Another reason to use runWorkFlow.md
is that it hides two cumbersome steps from the user. For example, if spliterIndices
used in demultiplex.md
is not indexed by bowtie2
, then runWorkFlow.md
will do this silently. Also, if correctFile
has the same path and name as refFile
(see rearr
), but with the file extension .correct
instead of .ref
, and runWorkFlow.md
cannot find correctFile
on the file system, then it will generate a default correctFile
for you with all fields filled with up
.
Source
# The following parameters should be replaced.

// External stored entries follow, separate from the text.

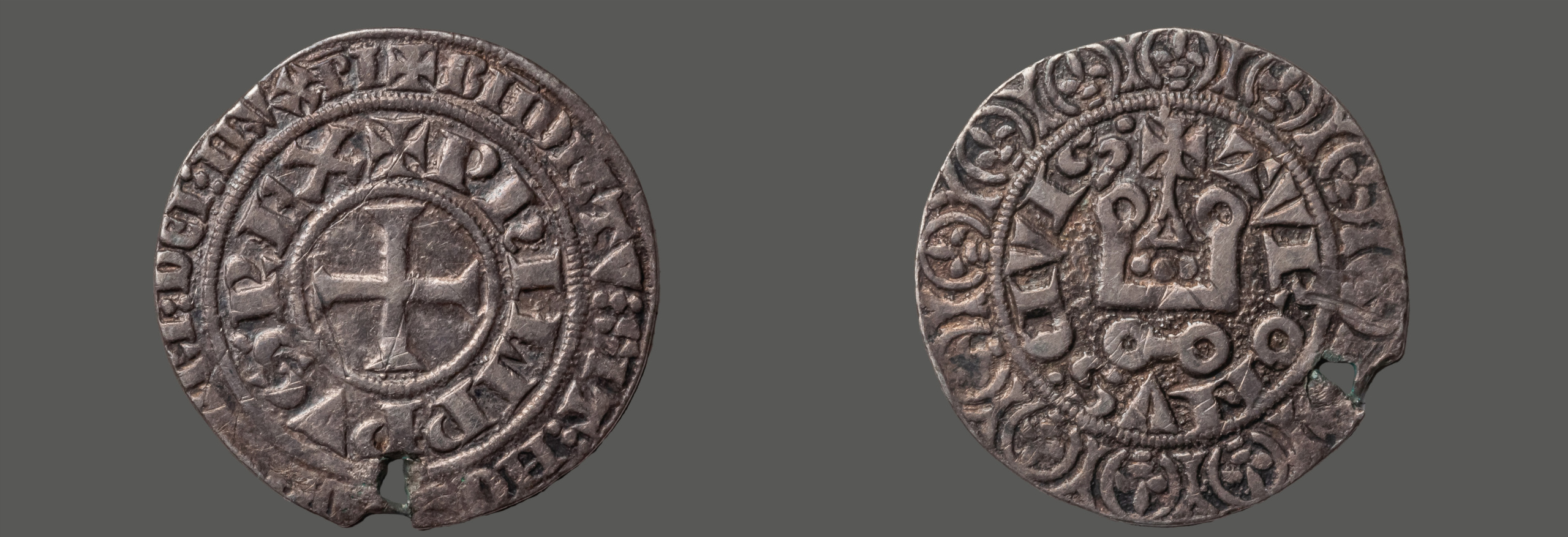 Philippe IV., genannt „der Schöne“, war ein König aus der Dynastie der Kapetinger. Frankreich machte er zur europäischen Großmacht und entriss dem Heiligen Römischen Reich deutscher Nation zahlreiche Gebiete. Er zwang den Papst, seinen Sitz ins Exil nach Avignon zu verlegen und verbot den Templerorden. Wie seine Vorgänger ließ er Turnose prägen, Silbermünzen, die deutlich größer waren als der Denar. Auf der Schriftseite weisen Turnose zwei Kreise mit Inschriften auf. Die französischen Silbermünzen waren im Rheinland im täglichen Geldverkehr sehr beliebt. Philippe IV. le Bel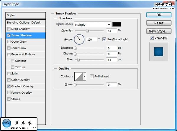 6.按ctrl+E复制这个图层,然后移动其中的一个图层为2-4px.再添加这个图层额名的两个样式.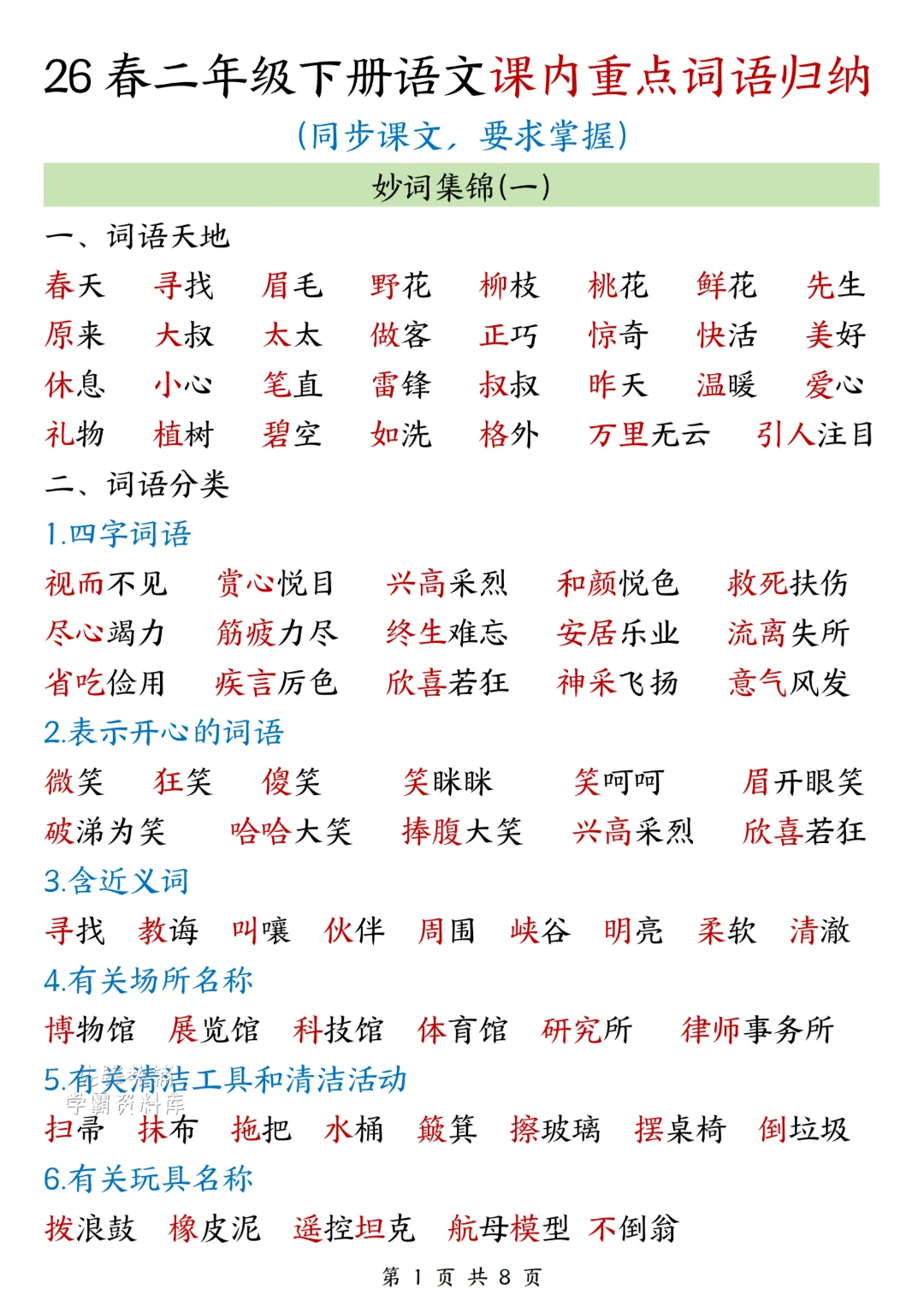 26新《二年级下册语文课内重点词语归纳》电子版可打印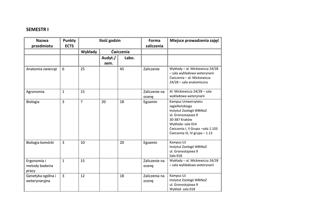 SEMESTR I Nazwa przedmiotu Punkty ECTS Ilość godzin Wykłady Anatomia zwierząt 6 25 Agronomia 1 15 Biologia 3 7 Biologia komórki 3 10 Ergonomia i metody badania pracy Genetyka ogólna i weterynaryjna 1 15 3 12 Forma zaliczenia Miejsce prowadzenia zajęć Ćwiczenia Audyt./ Labo. sem. 20 45 Zaliczenie Wykłady – al. Mickiewicza 24/28 – sala wykładowa weterynarii Ćwiczenia – al. Mickiewicza 24/28 – sala anatomiczna Al. Mickiewicza 24/28 – sala wykładowa weterynarii 18 Zaliczenie na ocenę Egzamin 20 Egzamin Kampus UJ Instytut Zoologii WBiNoZ ul. Gronostajowa 9 Sala 018 Wykłady – al. Mickiewicza 24/28 – sala wykładowa weterynarii Zaliczenie na ocenę 18 Zaliczenia na ocenę Kampus Uniwersytetu Jagiellońskiego Instytut Zoologii WBiNoZ ul. Gronostajowa 9 30-387 Kraków Wykłada: sala 014 Ćwiczenia I, II Grupa –sala 1.103 Ćwiczenia III, IV grupa – 1.13 Kampus UJ Instytut Zoologii WBiNoZ ul. Gronostajowa 9 Wykład- sala 018 Histologia i embriologia (embriologia) 1 15 Zaliczenie na ocenę Ćwiczenia - sale 055 i 056 Kampus UJ Instytut Zoologii WBiNoZ ul. Gronostajowa 9 Wykład- sala 018 Historia weterynarii i deontologia Język angielski 1 15 Zaliczenie na ocenę Wykład- al. Mickiewicza 24/28 – sala wykładowa weterynarii 1 30 Zaliczenie Łacina 2 30 Zaliczenie Ochrona środowiska Psychologia behawioralna Wychowanie fizyczne Kurs BHP Chemia 2 30 3 15 15 30 Zaliczenie na ocenę Zaliczenie na ocenę Zaliczenie Sale ćwiczeniowe ul. Św. Marka 37; nr 406 Sala ćwiczeniowa nr 405 ul. Marka 37, IV piętro Al. Mickiewicza 24/28 – sala wykładowa weterynarii 20 Zaliczenie Egzamin 1 4 15 10 Al. Mickiewicza 24/28 – sala wykładowa weterynarii Studium Wychowania Fizycznego UR al. 29- listopada Inspektorat BHP UJ Katedra Biochemii Lekarskiej CMUJ Ul. Kopernika 7 Kraków Wykłady – sala wykładowa Seminarium – sale 5,6,7,8 Ćwiczenia – sale 1,2,3,4

makeTarget=${makeTarget:-test/test_work_flow/rearr.alg}
fastqFiles=${fastqFiles:-test/test_work_flow/A2-g1n-3.R2.fq.gz,test/test_work_flow/A2-g1n-3.fq.gz}
spliterIndices=${spliterIndices:-test/test_work_flow/final_hgsgrna_libb_all_0811_NGG_scaffold_nor_G1.csv.target.fa,test/test_work_flow/final_hgsgrna_libb_all_0811_NGG_scaffold_nor_G1.csv.pair.fa}
minScores=${minScores:-30,100}
minToMapShear=${minToMapShear:-30}
refFile=${refFile:-test/test_work_flow/final_hgsgrna_libb_all_0811_NGG_scaffold_nor_G1.csv.ref}
correctFile=${correctFile:-test/test_work_flow/final_hgsgrna_libb_all_0811_NGG_scaffold_nor_G1.csv.correct}
ext1up=${ext1up:-50}
ext1down=${ext1down:-0}
ext2up=${ext2up:-10}
ext2down=${ext2down:-100}
# The following parameters are default in most cases.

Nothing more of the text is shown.